LEEDer Group Inc.
8508 North West 66th St.
Miami, Florida 33166 USA

Phone Toll-free: 866.814.0192 or 305.436.5030
Fax Toll-free: 866.818.0373 or 305.436.0086
E-mail Address: orders {at] LEEDerGroup [dot] com

2015-08 CMS Limits Scope of Review

CMS Limits Scope of Review on Redetermination and Reconsideration

by Jeffrey S. Baird, JD, and Joshua I. Skora, JD • August 24, 2015

AMARILLO, TX – One of the most difficult and frustrating aspects of being a DME supplier is dealing with Medicare post-payment reviews, audits and overpayment determinations. The experience of a large audit can be daunting and expensive.
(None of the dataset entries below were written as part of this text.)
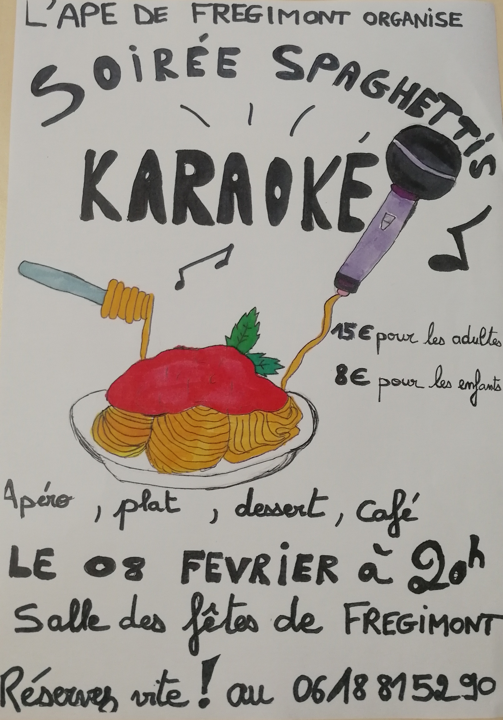 L’APE de Frégimont organise une soirée Spaghettis et Karaoké à 20h à la salle des fêtes de Frégimont.
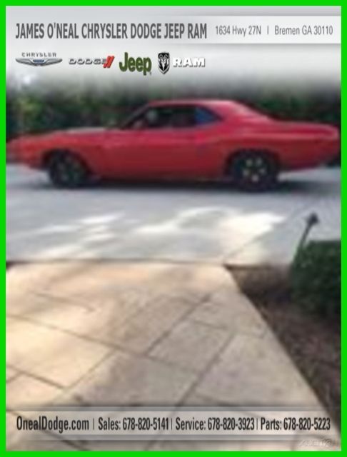 1972 Dodge Challenger Resto Mod- ' Challange This '. Over $200,000 was spend building this car. It is a Meticulous build. The build started with a Hemi 6.1 Liter engine being installed from Street & Performance with all the chrome accessories added. The engine compartment is stunning. It has Polished Radiator with an Electric Fan to keep it running cool. The transmission is a 545RFE 5 speed automatic that shifts flawlessly. It has Polished Magna Flow Mufflers that give this Challenger a great rumble sound. There are Baer Brakes on all 4 wheels that are power with QA1 Front K Member all Tubular as well as Ridetech -Ride Pro air Ride Shock Wave Style on all 4 corners with controls programmed for the proper ride height and stance.It is riding on FE Forged Black Wheels with 225/45/ZR18 tires on Front and 275/40/ZR18 on Rear. The body is super straight with the Model Frontend refreshed by Streetmetal Concepts out of Florida. The paint is Torred Red with Matte Black accents and it looks great. All the body gaps line up great. The Matte Black Go wing is killer. It has LED Head lights and Fog lamps.All lights work of course. The Custom Painted Gray grill Bezel and Rear Valance round out this Custom Body. The inside has Dual Power Leather seats, Touch Screen Navigation Stereo, Power Locks with Keyless Remote, Custom Gauges and Air Ride Controls. It has Vintage Air System that blows Ice Cold. Everything about the interior is class. This car is a real blast to drive and has all the comforts of today''''s best cars. Everytime I look over this Challenger I could find more stuff to talk about. It is truely a one of a kind ride.
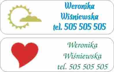 - Głównie umieszczamy na nim obrazek, imię i nazwisko oraz telefon kontaktowy. W doborze występujących na nim elementów istnieje pełna dowolność. Do dyspozycji mamy trzy linie tekstu. Treść nadruk możemy wykonać w jednym z kilku kolorów.
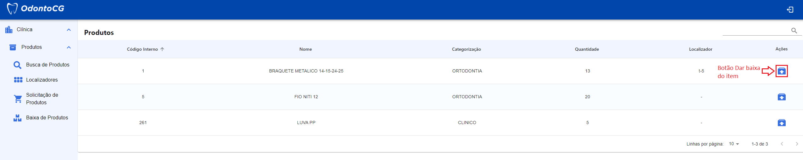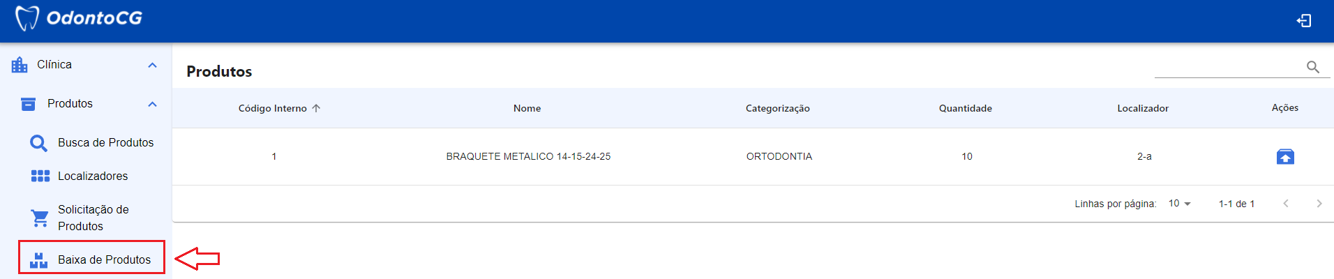 No menu do sistema, clique em Clínica > Produtos e selecione Baixa de Produtos, como exibido na Figura 19. Nesta tela o sistema retorna para o usuário todos os produtos a serem dado baixa.
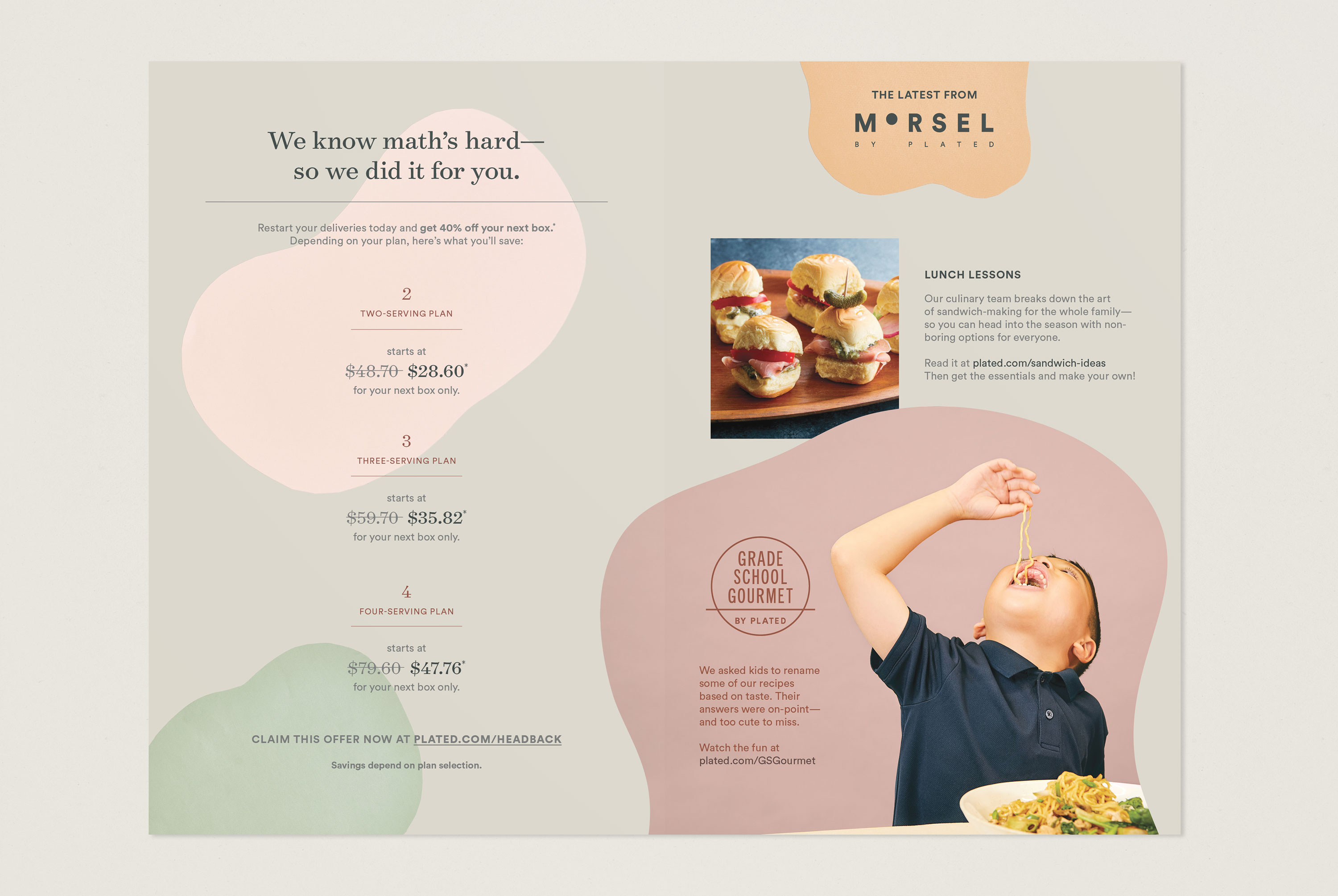 The original branding for Plated did not work hard enough to set their meal kit apart from competitors. Working with my Creative Director and Art Director, I advised on and wrote completely new branding for Plated. This task included:
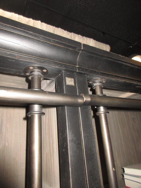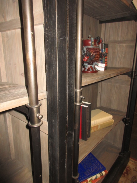 Pottery Barn Gavin bookcase in a reclaimed pine & metal finish. Perfect for a rustic or industrial style space! At posting we have two, shown side by side here. 40"W x 17"D x 91"H.
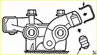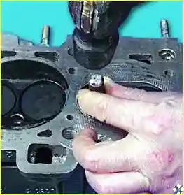 При обнаружении течи моторного масла или охлаждающей жидкости в местах соединения головки блока с блоком цилиндров снимите головку и замените ее прокладку. Течь может возникнуть также из-за коробления головки блока вследствие перегрева.
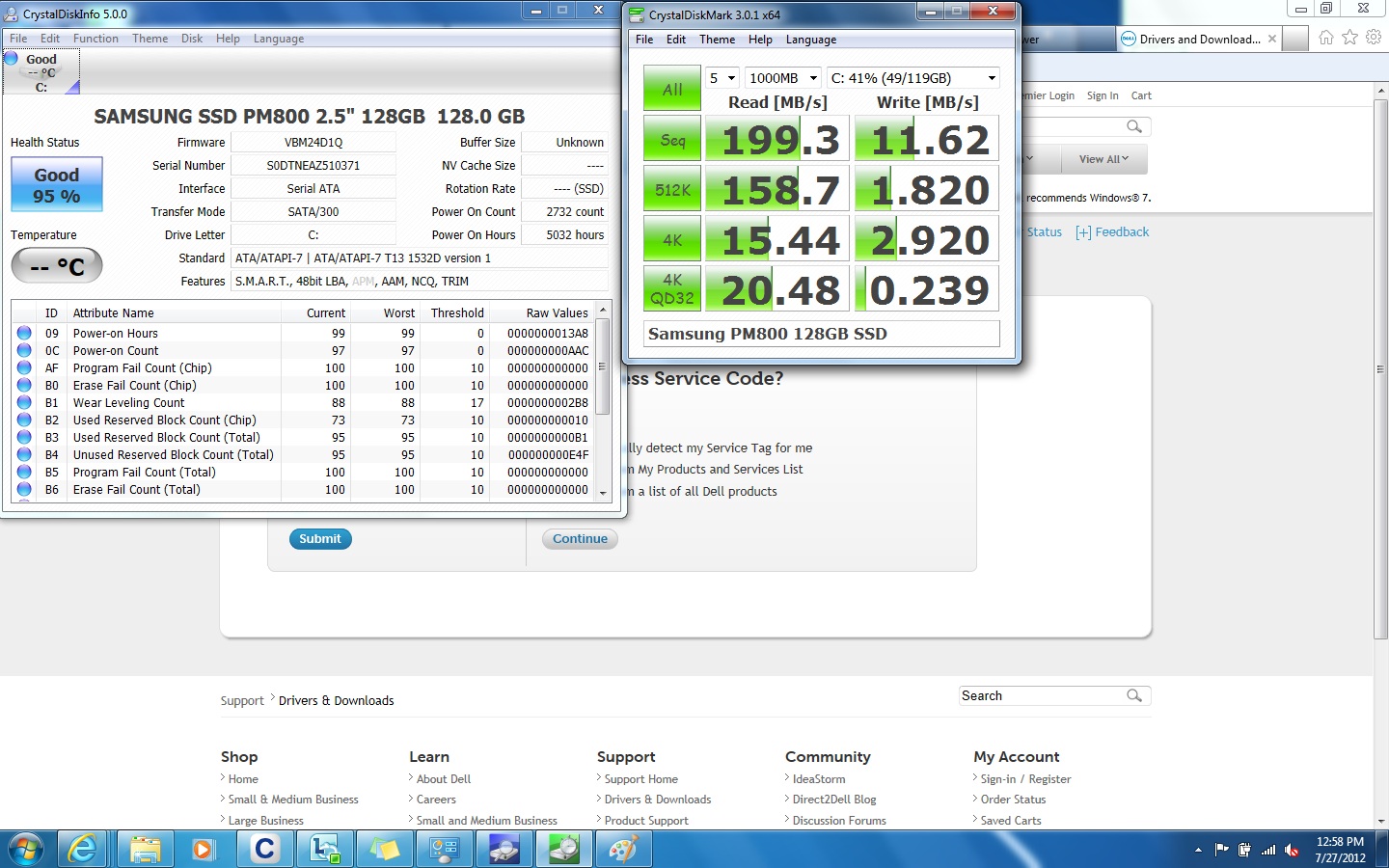 I got a laptop from work, and it has an i5 2.4, 4GB RAM, and was running slower than ell when I got it, so i figured okay, might as well get an 8GB kit of faster RAM, so i proceeded to do all in my power to speed up the machine, and ran CCleaner, and defraggler. at this point I found out that the PC had a SSD because defraggler threw a warning, so i ran crystal disk info to see if it way okay, and showed fine, so I ran CrystalDiskMark to see what transfer speeds I was getting, then I saw the issue:

Typically, the audit process begins with an ominous letter from a Zone Program Integrity Contractor (ZPIC), Recovery Auditor Contractor (RAC), Comprehensive Error Rate Testing (CERT) contractor or DME Medicare Administrator Contractor (MAC) requesting additional documentation for a set of claims to confirm that the claims were properly payable. The supplier is not told what the issues are, so the guessing game begins. Once the supplier provides the requested documentation, the waiting game begins. Suppliers may receive a formal overpayment determination within 30-60 days, or the process could linger for over a year.
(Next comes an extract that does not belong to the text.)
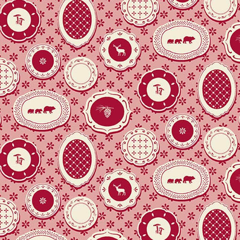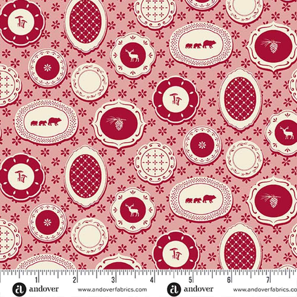Andover Fabrics - A Woodsy Cottage by Judy Jarvi - Plate Wall - Pink - Yardage
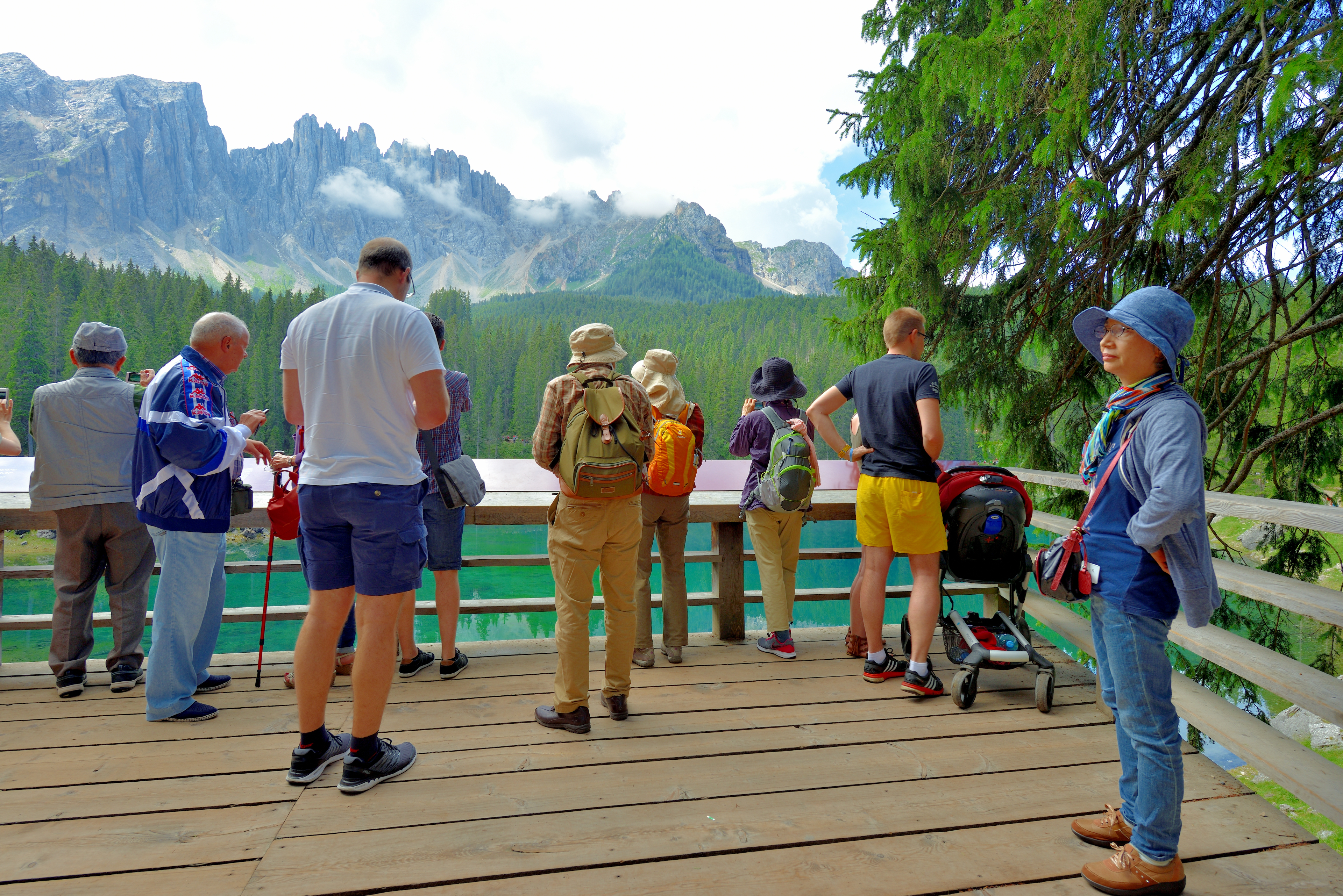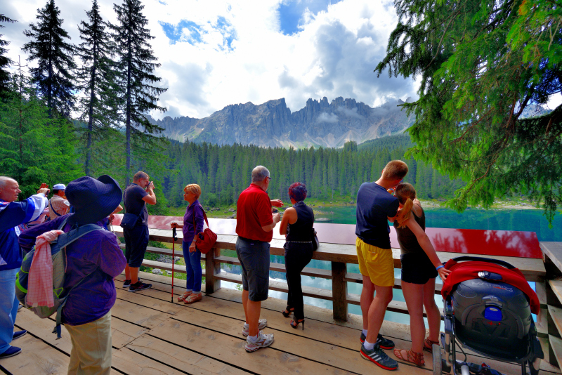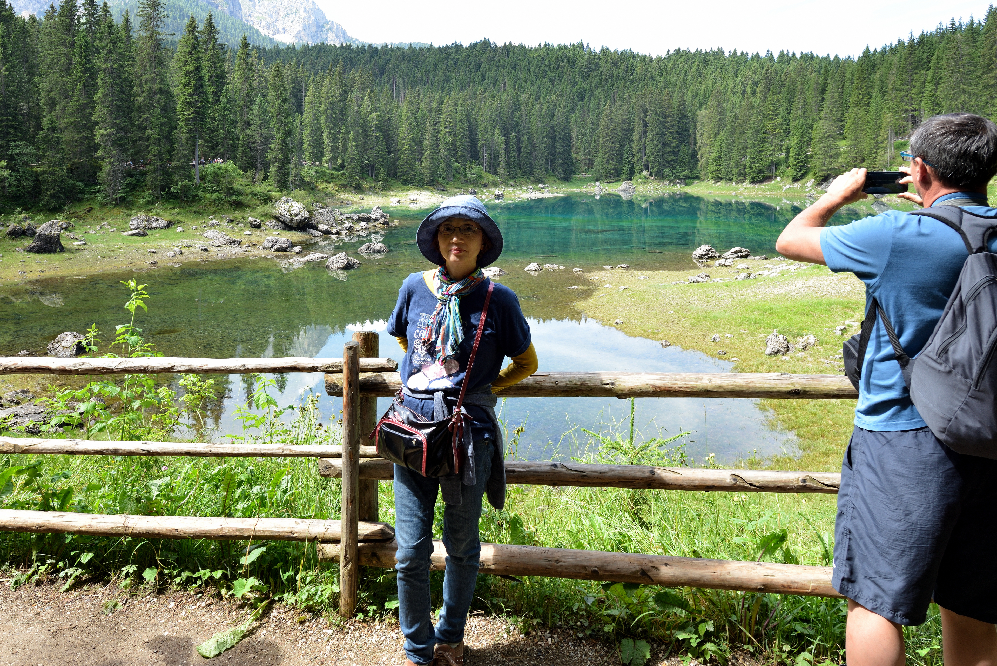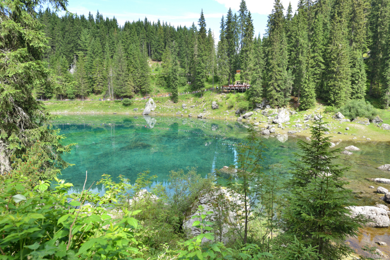 | カレッツァ湖 [Lago di Carezza] (11:29) 湖を展望できるデッキにて。 カレッツァ湖は標高1,534 メートルにある小さな高山湖で、鬱蒼としたモミの森に囲まれている。 この湖はその色で知られており、このためラディン語では「レク・デ・エルゴバンド」(または「アルコボアン」)、つまり「虹の湖」とも呼ばれている。 「南」MAP Lay.B |

The overpayment determination will outline the reasons why claims were denied. The supplier then has 120 days to appeal the overpayment determination by requesting a redetermination. The redetermination review is conducted by an employee of the ZPIC, RAC or DME MAC who did not partake in the initial determination. If the redetermination confirms the initial findings, the supplier may request reconsideration, within 180 days from the redetermination decision, by a Qualified Independent Contractor (QIC). If the QIC confirms the determination, a supplier may appeal the decision to an Administrative Law Judge, then to the Departmental Appeals Board, and finally to federal district court.
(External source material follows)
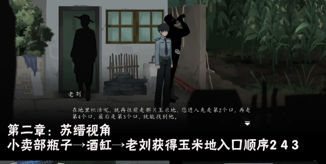 2、苏缙视角小卖部瓶子→酒缸→老刘获得玉米地入口顺序243
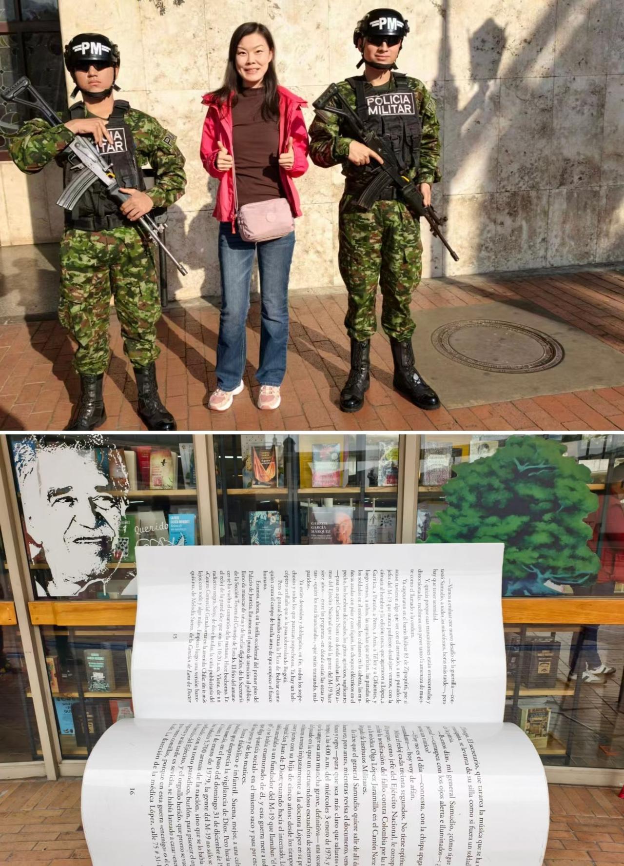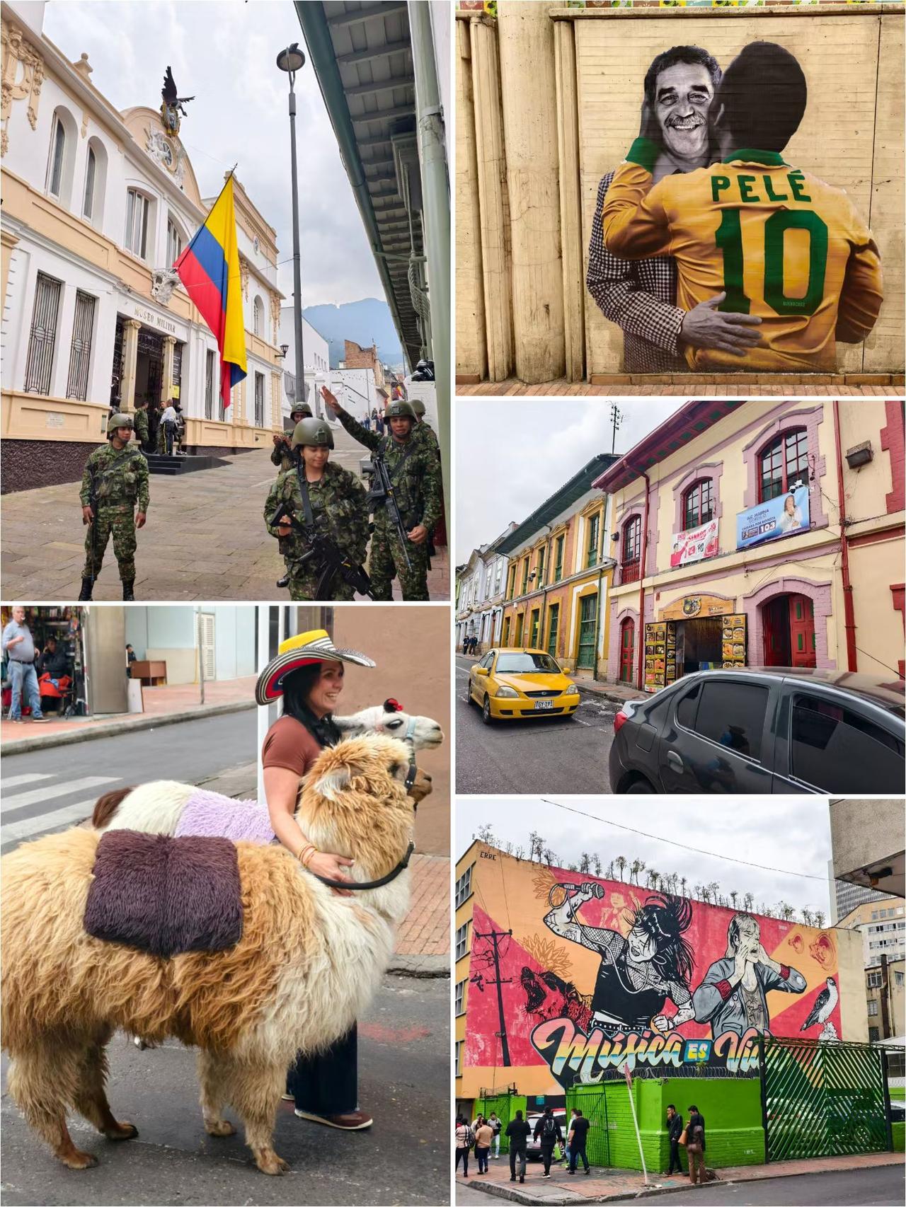 波哥大,“黄金国度”哥伦比亚🇨🇴的首都,这座由西班牙殖民者始建的老城,是马尔克斯口中“最震撼的城市”。16岁的“小马”揣着加勒比的炙热闯进来,虽遭遇了辍学、大哭和青春迷茫,却也走上了写作的道路,并埋下了《百年孤独》的魔幻种子。 如今的波哥大也很魔幻,满街持枪的警察不知道该让人觉得是危险,还是安全[破涕为笑] 波哥大一日游攻略: 1、蒙塞拉特山(Monserrate 图1):坐着百年有轨缆车到波哥大的制高点俯瞰全城,据说当年马尔克斯也经常上去。 2、黄金博物馆(Museo del Oro 图3):目前世界上最大的金器博物馆,最著名的除了“镇馆之宝“穆伊斯卡黄金船”,还有一颗价值连城的祖母绿宝石。早在17世纪中,哥伦比亚的黄金产量占世界总产量的40%,当然后来让西班牙搞走了。 3、玻利瓦尔广场(Plaza de Bolívar 图4):曾经西班牙王室建造的西班牙式大广场,广场上矗立着南美解放英雄玻利瓦尔的雕像。满是鸽子的广场上却“危机四伏”,当然我们也极为警惕,而且还有当地人好心提醒。 4、博特罗博物馆(Museo Botero 图5):主角当然是胖胖的蒙娜丽莎,毕加索、莫奈、雷诺阿都要靠边站。 5、圣母卡门教堂(Iglesia del Carmen 图6):外表红白条纹相间,极具辨识度,内部也像一座彩色城堡。 各种涂鸦的街道、被招揽拍照生意的羊驼、无意中走入的跳蚤市场、轰轰作响的摩托车党、乐意合影的持枪帅警察,一切仿佛诉都在说着“过去都是假的,回忆是一条没有归途的路,以往的一切春天都无法复原……” 所以珍惜此刻,活在当下。 PS:外籍游客停留不超过60天,离开波哥大时可退离境税,一人136000比索,合200多人民币,当然要主动提出来。第一次离开一个国家还领了钱,魔幻呀~[偷笑]

It has been CMS’s policy, up until now, that redetermination and reconsideration appeals were reviewed de novo, which means that the appeal was a new and independent review of a claim regardless of the reasoning outlined in the initial overpayment determination. For example, if an initial overpayment determination stated that claims were improper because of reasons A, B and C, upon redetermination or reconsideration the reviewer, for the first time, could argue that the claims were improper because of reasons D and E. This presented significant “moving target” problems for suppliers, because their claims would be deemed improper for new reasons and suppliers had limited opportunity to fully articulate responses.

Fortunately, in a new Medicare Learning Network (MLN) Matters Special Edition Article, CMS has instructed its contractors and QICs that they must now limit the scope of their review of post-payment audits to the reasons articulated in the initial overpayment determination. The MLN Matters reasoned that because MACs and QICs have discretion while conducting appeals to develop new issues and review all aspects of coverage and payment related to a claim or line item, unfavorable appeal decisions could occur even if the original denial reasons were cured.

But, CMS made it clear that if an initial denial was based on insufficient documentation, a subsequent appeal may still deny the claim if the additional documentation provided does not support medical necessity. And, “[i]f an appeal involves a claim or line item denied on a pre-payment basis, MACs and QICs may continue to develop new issues and evidence at the their discretion and may issue unfavorable decisions for reasons other than those specified in the initial determination.” Finally, CMS’s instructions to limit the scope of review applies to redetermination and reconsideration requests received by a MAC or QIC on or after Aug 1, 2015. It will not be applied retroactive.

This is an important development in how MACs and QICs are able to review previously denied claims. If, moving forward, suppliers are able to provide documentation and medical records that cure the initial reasons for denial, the inquiry should be over and suppliers should be paid or overpayment determinations reversed.

Correction
Above article stated that the “redetermination review is conducted by an employee of the ZPIC, RAC or DME MAC who did not partake in the initial determination.” While a redetermination is conducted by an employee who was not involved in the original determination, redeterminations are handled by a fiscal intermediary (FI), carrier, or Medicare Administrative Contractor (MAC). In the case of durable medical equipment, the DME MAC is responsible for conducting redetermination appeals. ZPICs and RACs do not conduct redetermination appeals.